Pace attended the University of Michigan and played for the Michigan Wolverines football. He was named the Most Valuable Player on the Michigan football team. He was also awarded the Chicago Tribune Silver Football as the Most Valuable Player in the Big Ten Conference. He also ran track at Michigan and won the Big Ten 60-yard indoor dash title. In 1957, he scored ten touchdowns: seven rushing, two receiving, and one punt return. He accumulated almost 800 yards of total offense in 1957 (664 rushing, 122 receiving and 98 on punt returns) and averaged 5.4 yards per carry rushing. In the 1957 Michigan-Ohio State game, Pace rushed for 164 yards and caught a 14-yard pass, which was at that time the Michigan record for rushing yards against Ohio State. Pace played in the 1957 East–West Shrine Game.
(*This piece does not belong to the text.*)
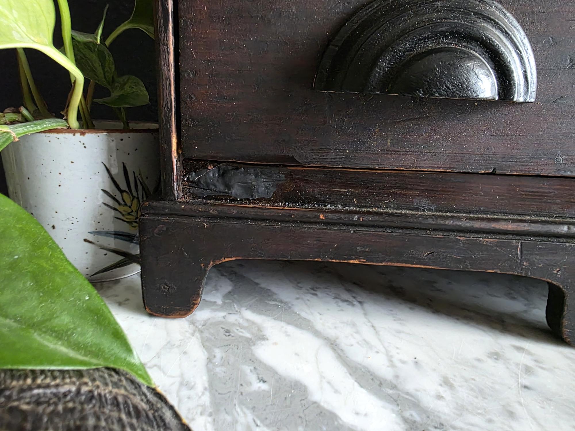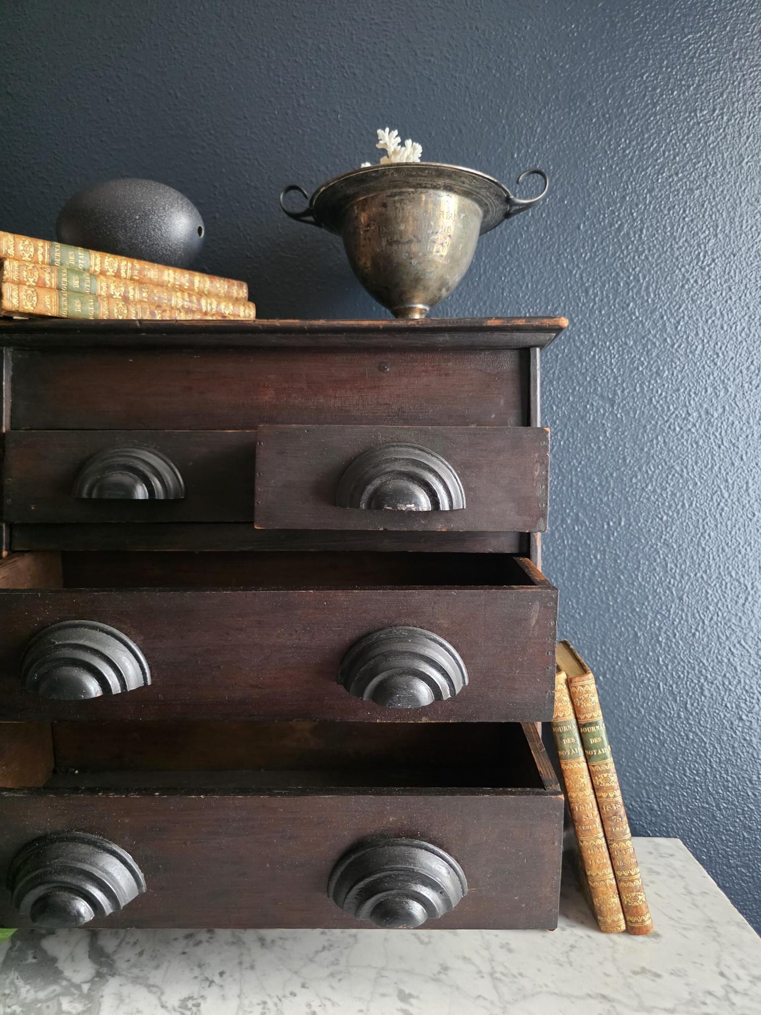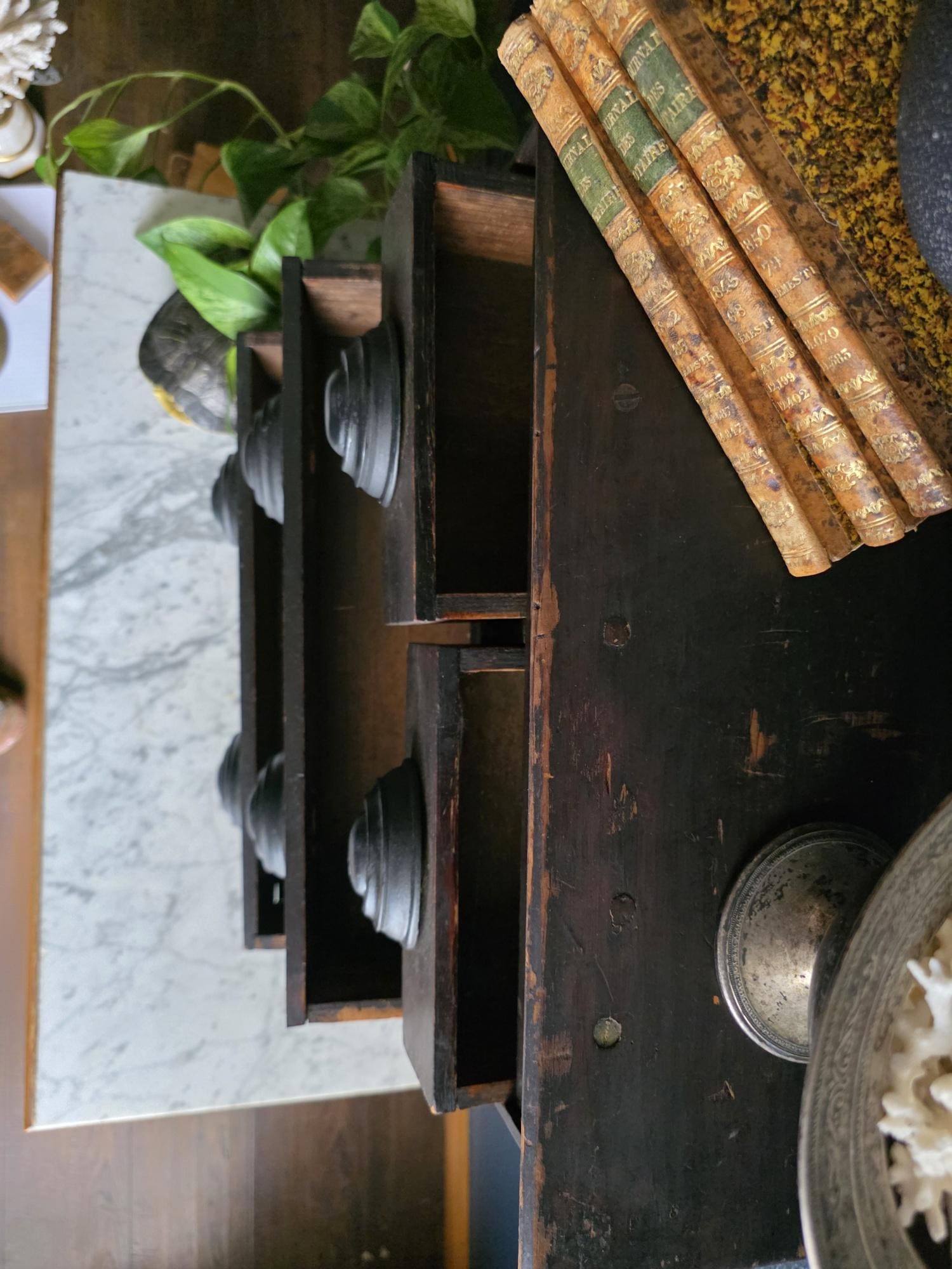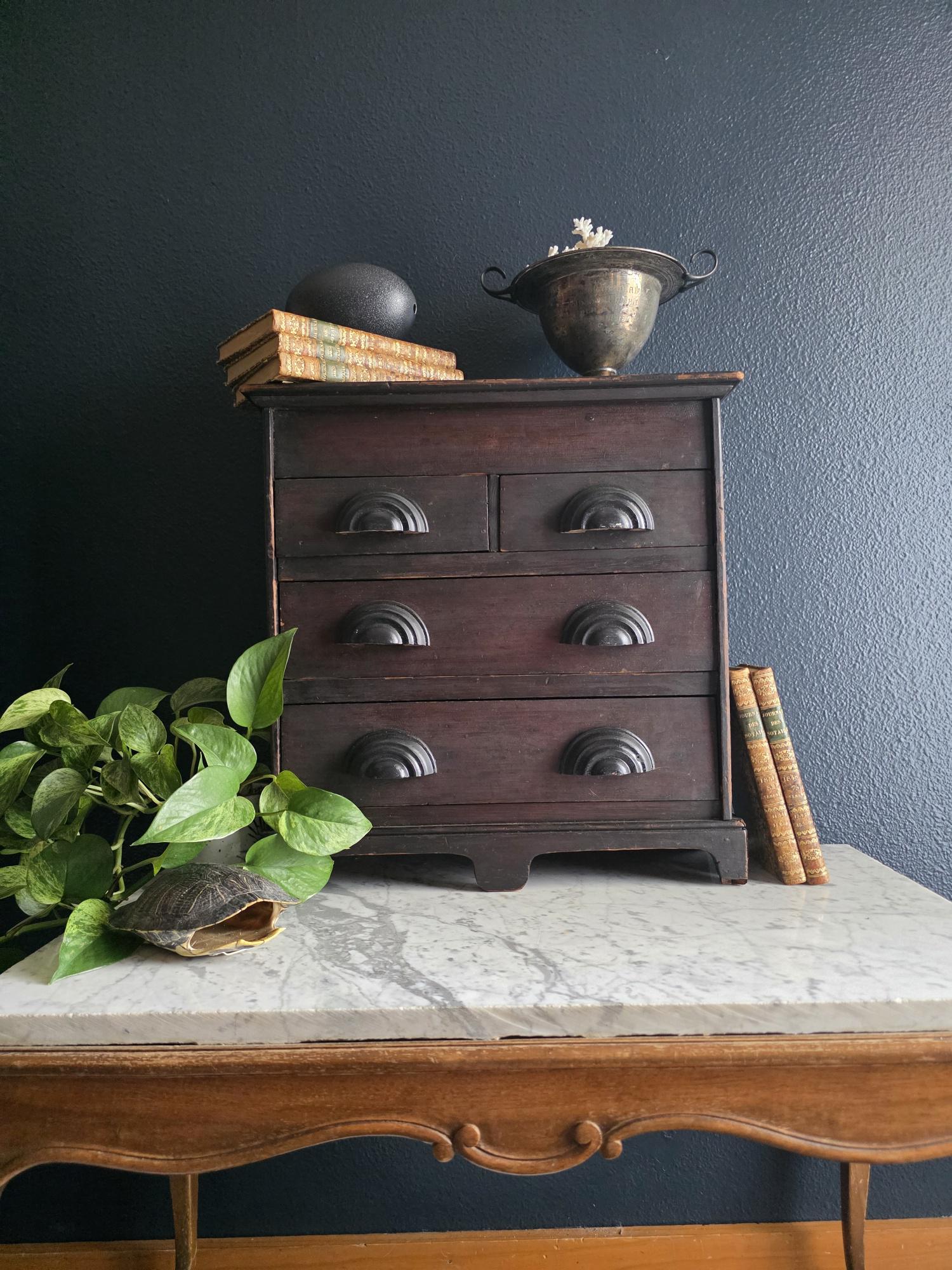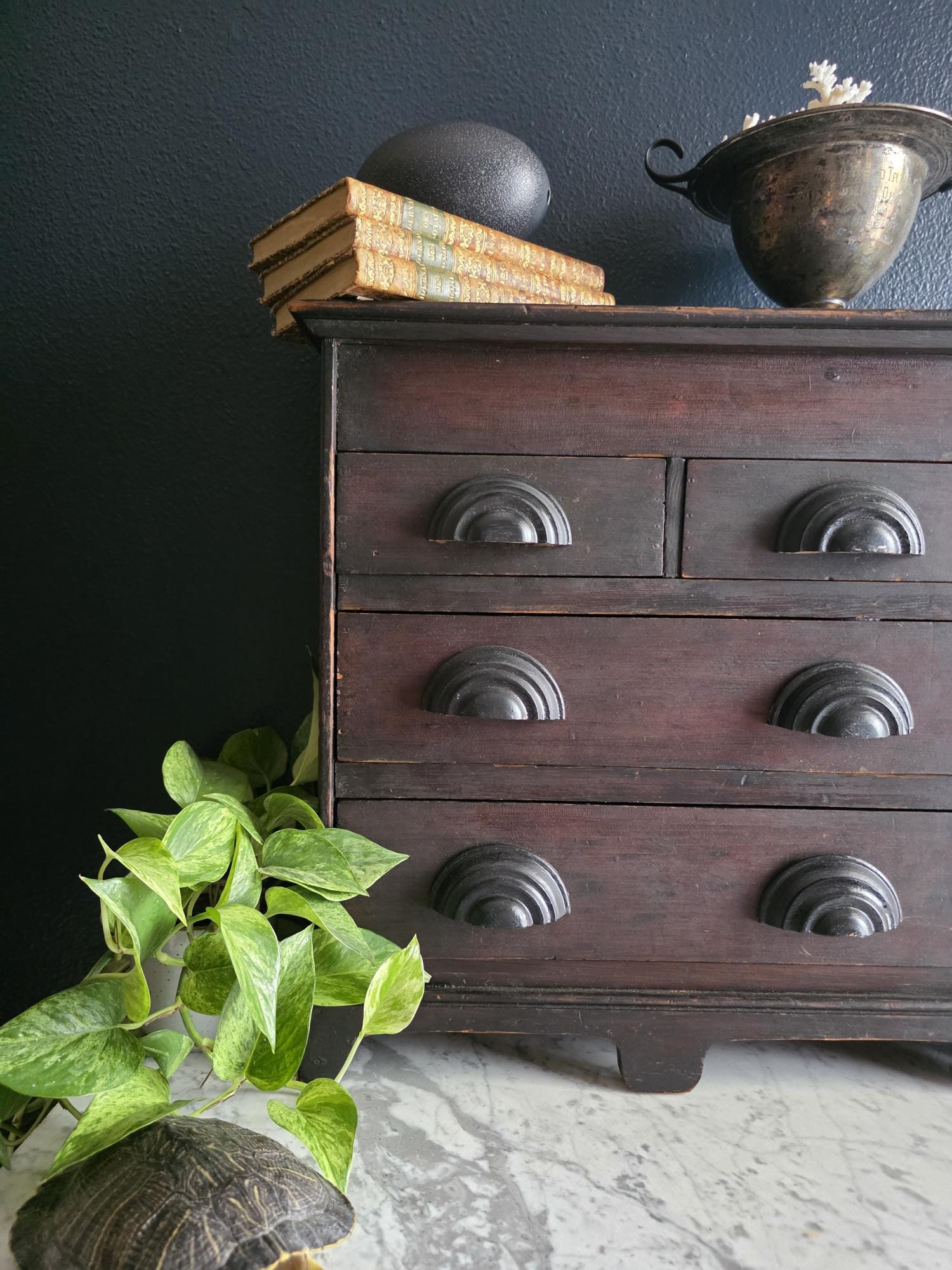 Presenting a charming and authentic 19th-century folk-built miniature chest of drawers, a piece that beautifully wears its long, utilitarian history. This diminutive three-tier cabinet features two small upper drawers and two full-width lower drawers, showcasing the wonderful imperfections and character inherent to handmade primitive furniture. The dark, deeply patinated wood exhibits authentic, weathered age, with worn edges, scuffed surfaces, and historical repairs—including a visible patched area on the lower front corner—that only add to its rustic narrative. The back paneling is constructed with traditional wide wooden planks secured by small antique hand forged nails. The piece has been updated in recent times with vintage replacement wood drawer pulls; these striking, ribbed semi-circular handles provide a structural, almost Art Deco-inspired contrast to the organic, primitive build. Rich with texture and history, this tabletop chest is perfectly suited for grounding a Moody Vintage aesthetic or enhancing a Dark Academia study, serving as both a compelling visual focal point and a practical storage solution for apothecary items, jewelry, or small curated curiosities. A one-of-a-kind statement piece that will add endless character to your personal space.

He was also selected by the Associated Press as a first-team player on the 1957 College Football All-America Team.

==Professional career==
Pace was the eighth overall pick in the first round of the 1958 NFL draft. but played just one season for the San Francisco 49ers. He later played for the Hamilton Tiger-Cats of the Canadian Football League before retiring in 1963.

After retiring from football, Pace was an AFL administrative assistant from 1964 to 1966, an Oakland football scout, an actor in TV commercials and a school administrator in Los Angeles. He died at age 47 in Culver City, California.